Across the different versions of the Handbook, the methodological characteristics of an internally valid study, designed to causally infer the effect of an intervention on an outcome, have stood the test of time. These characteristics can be summarized as follows: A strong design starts with how the study groups are formed. It continues with use of reliable and valid measures of outcomes, has low attrition if a randomized controlled trial (RCT), shows baseline equivalence (in the analysis sample) if a quasi-experimental design (QED), and has no confounds.


These elements are the critical components of any strong research design – and are the cornerstones of all versions of the WWC’s standards. That fact, along with the transparent description of their logical underpinning, is what motivated me to use Standards 4.0 (for Group Designs) as the organizing framework for understanding study validity in a graduate-level Program Evaluation II course I taught at Boston College’s Lynch School of Education.

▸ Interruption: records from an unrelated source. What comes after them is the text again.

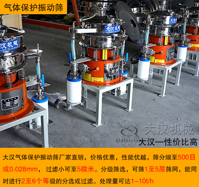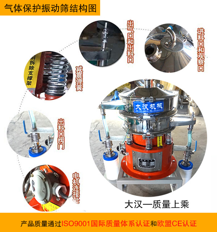 大漢氣體保護(hù)振動(dòng)篩采用304不銹鋼材質(zhì)、氣體保護(hù)軟管、防靜電裝置等制作而成,是振動(dòng)篩和超聲波振動(dòng)篩的一種衍生產(chǎn)品。產(chǎn)品質(zhì)量通過ISO9001國際質(zhì)量體系認(rèn)證歐盟CE認(rèn)證。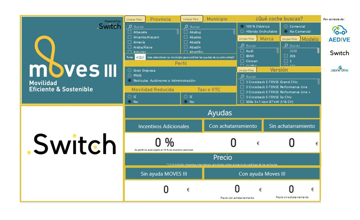 El objetivo de esta herramienta es proporcionar a los colectivos susceptibles de optar a las ayudas del Moves III los descuentos aplicables a cada vehículo turismo y comercial ligero, sin tener por ello que escudriñar la información en el BOE sobre las cuantías en las bonificaciones y conocer de forma rápida cómo se aplican a cada modelo de vehículo en las categorías mencionadas.
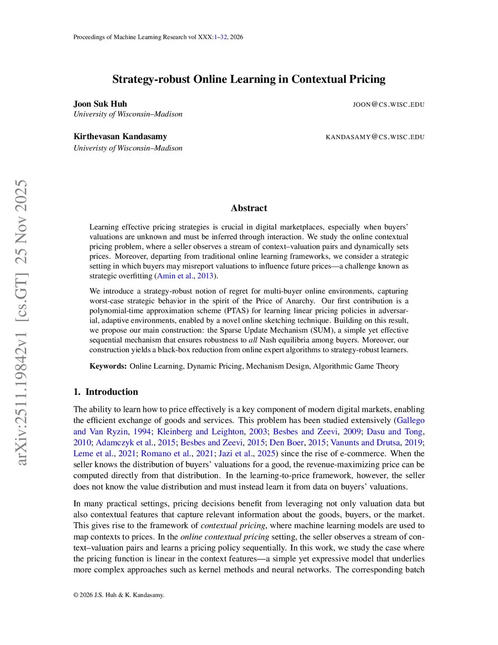 Learning effective pricing strategies is crucial in digital marketplaces, especially when buyers' valuations are unknown and must be inferred through interaction. We study the online contextual pricing problem, where a seller observes a stream of context-valuation pairs and dynamically sets prices. Moreover, departing from traditional online learning frameworks, we consider a strategic setting in which buyers may misreport valuations to influence future prices, a challenge known as strategic overfitting (Amin et al. 2013).We introduce a strategy-robust notion of regret for multi-buyer online environments, capturing worst-case strategic behavior in the spirit of the Price of Anarchy. Our first contribution is a polynomial-time approximation scheme (PTAS) for learning linear pricing policies in adversarial, adaptive environments, enabled by a novel online sketching technique. Building on this result, we propose our main construction: the Sparse Update Mechanism (SUM), a simple yet effective sequential mechanism that ensures robustness to all Nash equilibria among buyers. Moreover, our construction yields a black-box reduction from online expert algorithms to strategy-robust learners.

In spring 2017, nine Master and four Doctoral students participated in this semester-long course. The primary goal was to teach students how to organize their thinking and logically derive internal validity criteria using Standards 4.0—augmented with additional readings from the methodological literature. Students used the Standards (along with the supplemental readings) to design, implement, analyze, and report impact evaluations to determine what interventions work, harm, or have no discernible effect (Mosteller and Boruch, 2002). The Standards Handbook 4.0 along with online course modules were excellent resources to augment the lectures and provide Lynch School students with hands on learning.


At the end of the course, students were offered the choice to complete the WWC Certification Exam for Group Design or take the instructor’s developed final exam. All thirteen students chose to complete the WWC Certification Exam. Approximately half of the students became certified. Many emailed me personally to express their appreciation for the (1) opportunity to learn a systematic approach to organizing their thinking about assessing the validity of causal inference using data generated by RCTs and QEDs, and (2) developing design skills that can be used in other graduate courses and beyond. The WWC Evidence Standards and related online resources are a valuable, accessible, and free resource that have been rigorously vetted for close to two decades. The Standards have few equals as a resource to help students think systematically, logically, and clearly about designing (and evaluating) a valid research study to make causal inferences about what interventions work in education and related fields.



Boruch, R. F. (1997). Randomized experiments for planning and evaluation: A practical guide. Thousand Oaks, CA: Sage Publications.

Valentine, J.C., & Cooper, H. (2008), A systematic and transparent approach for assessing the methodological quality of intervention effectiveness research: The Study Design and Implementation Assessment Device (Study DIAD). Psychological Methods, 13(2), 130-149.

Mosteller, F., & Boruch, R. F. (2002). Evidence matters: Randomized trials in education research. Washington, D.C.: Brookings Institution Press.